> Data extract:
= Beginning of Section =
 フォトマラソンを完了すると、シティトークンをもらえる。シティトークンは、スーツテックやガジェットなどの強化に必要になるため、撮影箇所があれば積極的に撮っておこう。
= End of Section =
= Beginning of Section =
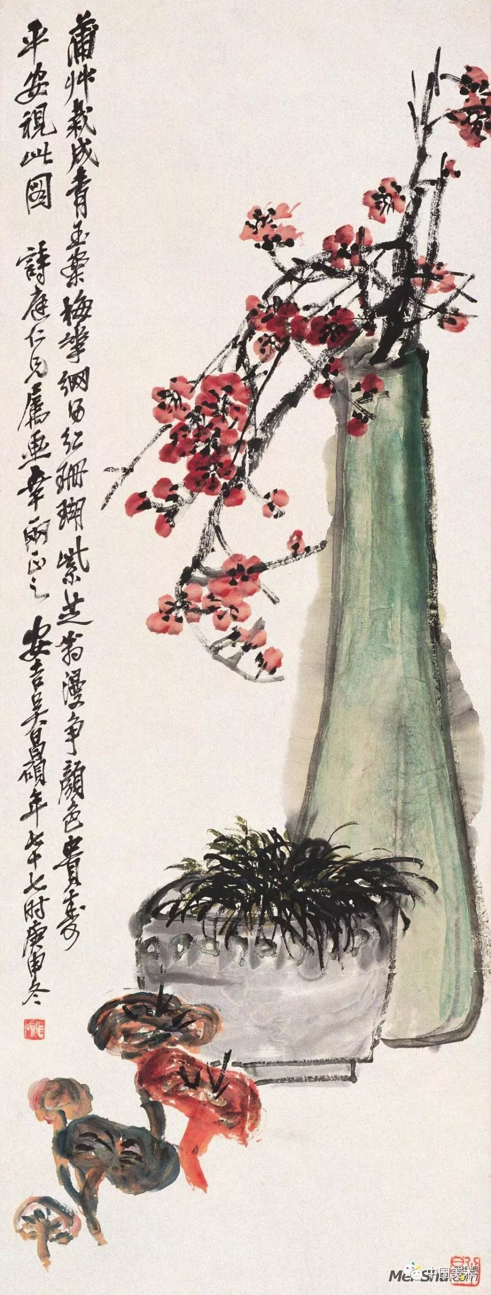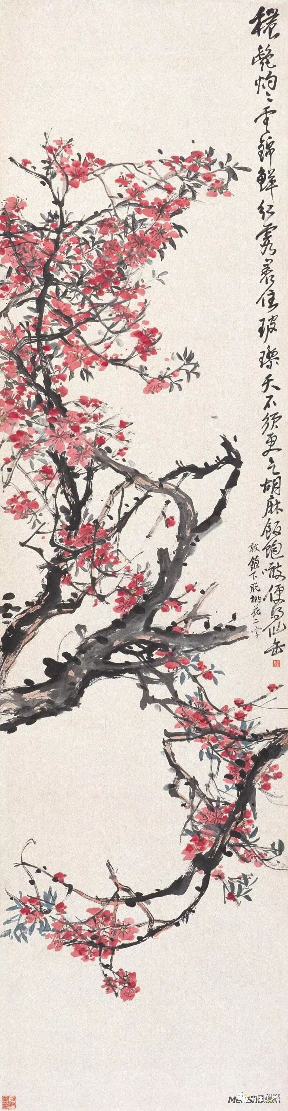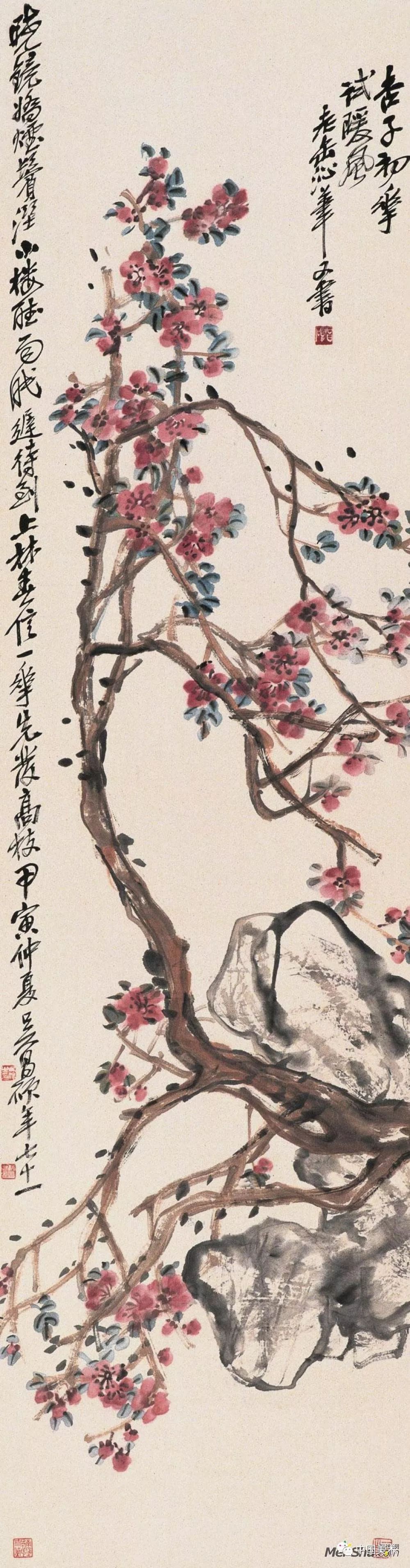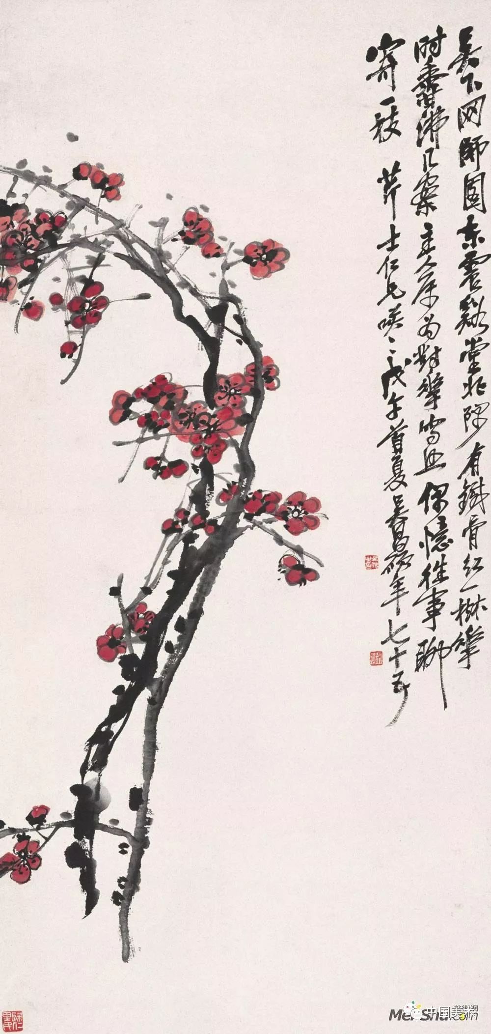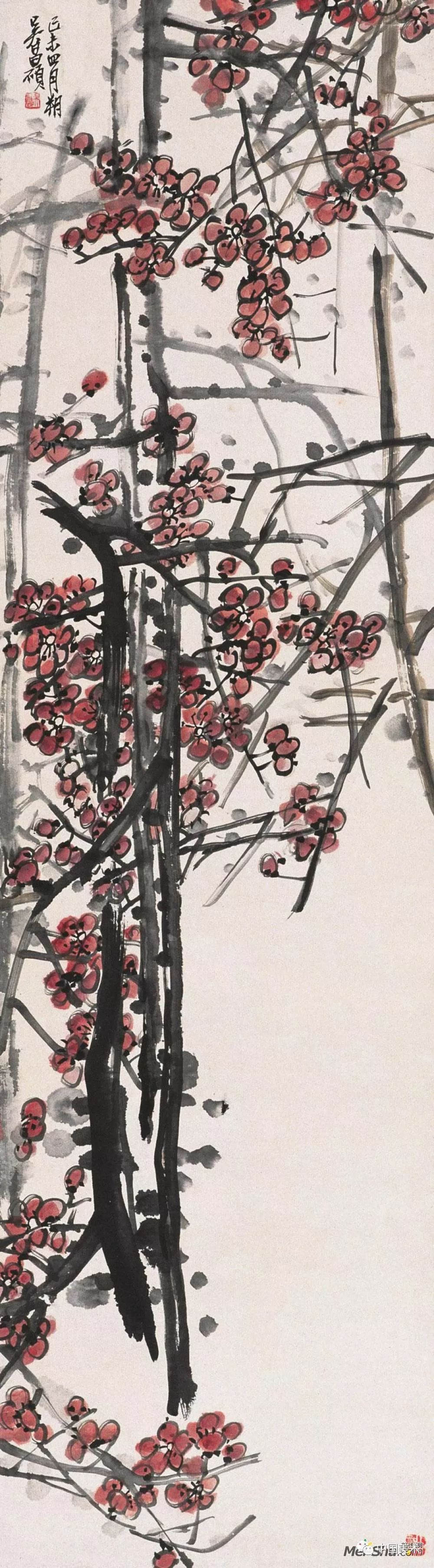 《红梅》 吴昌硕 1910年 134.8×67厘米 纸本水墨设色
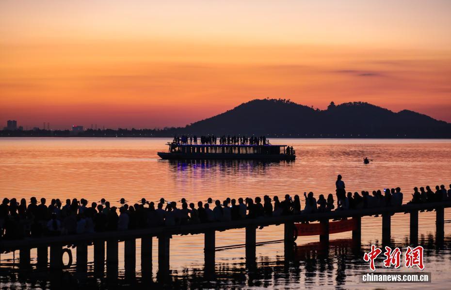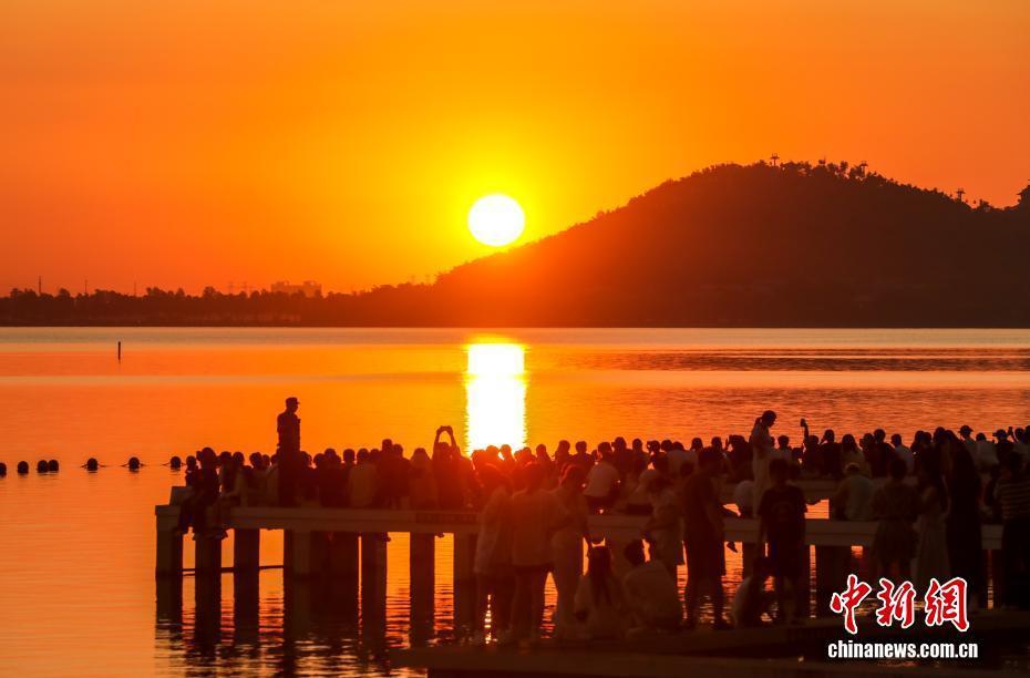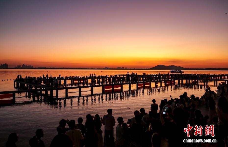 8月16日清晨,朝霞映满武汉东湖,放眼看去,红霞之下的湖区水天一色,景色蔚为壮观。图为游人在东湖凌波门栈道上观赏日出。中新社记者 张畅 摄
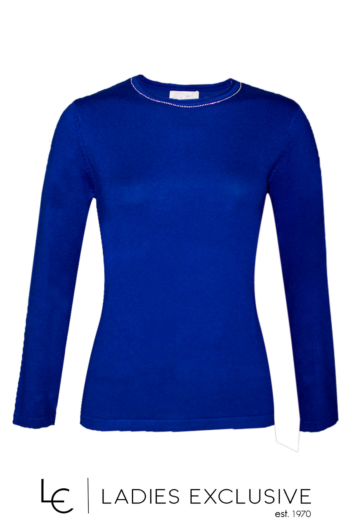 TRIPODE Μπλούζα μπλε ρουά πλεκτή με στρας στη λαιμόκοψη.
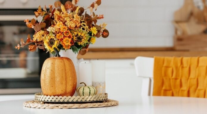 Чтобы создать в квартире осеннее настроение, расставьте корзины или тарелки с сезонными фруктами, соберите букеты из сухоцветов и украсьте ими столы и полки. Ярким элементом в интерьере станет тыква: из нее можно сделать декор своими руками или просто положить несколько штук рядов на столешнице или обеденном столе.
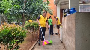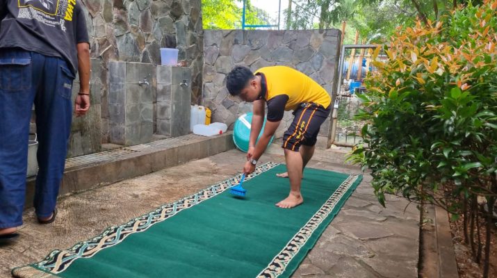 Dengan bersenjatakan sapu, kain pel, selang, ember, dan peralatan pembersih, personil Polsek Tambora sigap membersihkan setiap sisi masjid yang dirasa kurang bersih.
= End of Section =
> What is being asked:
Output exactly the lines of the listing above that start with the one holding "Чтобы создать в" and go on through the one holding "Dengan bersenjatakan sapu, kain"; leave the pictures out.

> Written response:
 Чтобы создать в квартире осеннее настроение, расставьте корзины или тарелки с сезонными фруктами, соберите букеты из сухоцветов и украсьте ими столы и полки. Ярким элементом в интерьере станет тыква: из нее можно сделать декор своими руками или просто положить несколько штук рядов на столешнице или обеденном столе.
 Dengan bersenjatakan sapu, kain pel, selang, ember, dan peralatan pembersih, personil Polsek Tambora sigap membersihkan setiap sisi masjid yang dirasa kurang bersih.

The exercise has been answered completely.